Overhead power line contact is one of the biggest causes of fatalities associated with mobile plant and equipment. Forklifts are frequently required to operate in outdoor areas where overhead power lines create significant risks; including electrocution, serious burns, and death. Any voltage that causes sufficient current to pass through the heart is potentially fatal. Other risks include fires and explosions that may immobilise the equipment involved.

The 2006 WorkCover NSW Code of Practice for Work Near Overhead Power Lines, states:

“Before operating a crane or item of mobile plant, the operator or other person in control of the work must take reasonable care to inspect the workplace to identify potential hazards, including any live overhead power lines or other associated electrical apparatus in the vicinity of the workplace. All overhead power lines should be treated as live unless the operator of the crane or mobile plant has received an access authority or other form of written documentation from the network operator.”

If overhead power lines have been identified as a hazard, a risk assessment must be completed that considers, but is not limited to the following factors:

  • Consulting the network operator regarding the proposed work.
  • Can the electricity supply be de-energised?
  • The location and voltage of the overhead power lines.
  • The nature of work undertaken.
  • The safe work practices and procedures in use.
  • Site conditions, stability of crane or mobile plant and suspended loads.
  • The potential for inadvertent movement of the crane or mobile plant, the load, persons and electrical equipment in the area.
  • Foreseeable abnormal conditions that may exist at the worksite.  

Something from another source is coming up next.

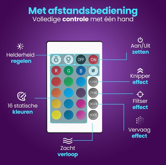 16 couleurs: Choisissez parmi 16 couleurs différentes, des tons chauds aux tons froids, et personnalisez l'ambiance à votre guise.

Having assessed the risks, action must be taken to ensure that the risks are eliminated or controlled. Some steps to consider include:

Elimination – Eliminate the risk of electrocution, electric shock or burns by arranging for the network operator to isolate the electricity supply for the duration of the work.

Separation – If the risk cannot be eliminated, then separate the hazard from the crane or mobile plant and personnel by using alternative equipment, and/or limiting the hoisting, slewing and other movements of the crane or mobile plant.

Information for this article was sourced from WorkCover NSW. For further overhead power line safety information, including a full risk assessment and additional control measures, refer to “Work Near Overhead Power Lines: Code of Practice, 2006.”